Seoul Air Base — sometimes K-16 Air Base, Seoul Airport, or Seongnam Air Base — is located in Seongnam city, near Seoul, the capital of South Korea. Runway 19 and 20 are equipped with an ILS.

==History==
It was constructed when Korea was under Japanese rule when it was known as Yeouido Air Base. (Korean: 여의도 비행장)

===Korean War===
The USAF designated the Yeouido air base as K-16 during the Korean War.

USAF units based here included:
- 35th Fighter-Interceptor Group operating F-51s from 8 April 1951.
- Detachment F, 3rd Air Rescue Squadron operating Sikorsky H-5s from 19 October 1950
- 2157th Air Rescue Squadron operating Sikorsky H-19s

===Postwar===
Yeouido Air Base was closed in 1970, moved garrison to current Sinchon-ri, and named it Seoul Air Base.

The base is home to the ROKAF 15th Special Missions Wing.

The US Army's 2nd Battalion (Assault), 2nd Aviation Regiment, 2nd Infantry Division operating Sikorsky UH-60 Blackhawks is based there.

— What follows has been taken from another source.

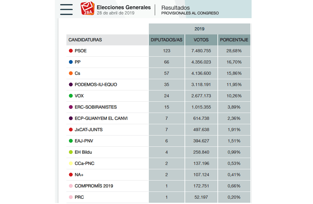 En el año 1977, la UCD y Alianza Popular obtuvieron el 42,5% de los votos. Este fue por tanto el resultado del bloque de centro-derecha hace 42 años. El 28 de abril, el resultado del bloque de centro-derecha compuesto por PP+CS+VOX obtuvo el 42,8% de los votos. Se trata de casi exactamente el mismo resultado, si acaso muy levemente superior.

The Seoul ADEX is held biennially in this airfield.

The base is used as a VIP airfield by the President of Republic of Korea and other VIPs and heads of state.

=== Construction of a Lotte World Tower ===
On the survey conducted by Sisain Press, 86% of military pilots and air traffic controllers opposed the construction of a Lotte World Tower because of a safety hazard. They were concerned that it would interfere with the flight path.
President Lee Myeong Bak (2008–2012) got the green light for a 555 m skyscraper after rebuilding the airfield to deviate from the 123-story tower in Jamsil, Seoul. The building now operates as Lotte World Tower, the tallest building in any OECD country.